The plaintiffs in the lawsuit lodged against the department said that the programs of the NYPD were unconstitutional as it focused on race, religion and national origin. Moreover, the plaintiffs had accused the NYPD on spying on ordinary people in public places like mosques, restaurants and schools since 2002 in the state.
The news wire said that former Mayor Michael Bloomberg and ex-Police Commissioner Raymond Kelly were staunch supporters of the NYPD's anti-terrorism programs, and had said that the programs were vital to protect the city from acts of terrorism.
AP said the lawsuit came about after the news wire agency published a series of stories about how the NYPD conducted surveillance in several mosques and infiltrated Muslim student groups in New York and elsewhere based on confidential documents. Martini blamed the AP for using the documents and ultimately for the decision itself.
"The Associated Press covertly obtained the materials and published them without authorization. Thus the injury, if any existed, is not fairly traceable to the city," Martini wrote in his ruling.
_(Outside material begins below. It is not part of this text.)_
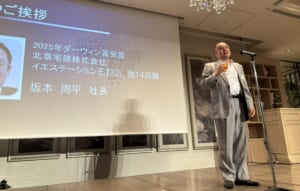会議では、本部代表・入江による「今年の振り返りと2026年に向けて」の講演に続き、各種表彰が行われました。今年のダーウィン賞は、北海道で果敢に市場へ挑戦を続ける 北章宅建株式会社 坂本社長 が受賞。ダーウィン賞は「現状維持は後退である」「常に進化発展する」という経営マインドを体現し、果敢に市場へ挑戦する加盟店に贈られる、イエステーションで最も権威ある賞です。坂本社長の挑戦の姿勢は、全国のフェローに大きな刺激を与えました。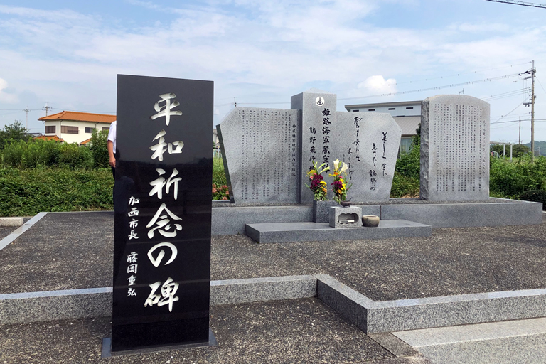 鶉野飛行場跡の滑走路の中ほどに隣接して「平和祈念の碑」があります。この碑は、平成11年に特攻隊で生き残った人たちや地元の人たち等によって建てられたもので、毎年10月の第1日曜日には、特攻隊で亡くなった63名の方と練習中に亡くなった7名の方をしのび、式典が行われているそうです。

The Center for Constitutional Rights in New York and the California-based civil rights organization Muslim Advocates said that the ruling was troubling for the Muslim communities in the US. CCR Legal Director Baher Azmy said, "In addition to willfully ignoring the harm that our innocent clients suffered from the NYPD's illegal spying program, by upholding the NYPD's blunderbuss Muslim surveillance practices, the court's decision gives legal sanction to the targeted discrimination of Muslims anywhere and everywhere in this country, without limitation, for no other reason than their religion."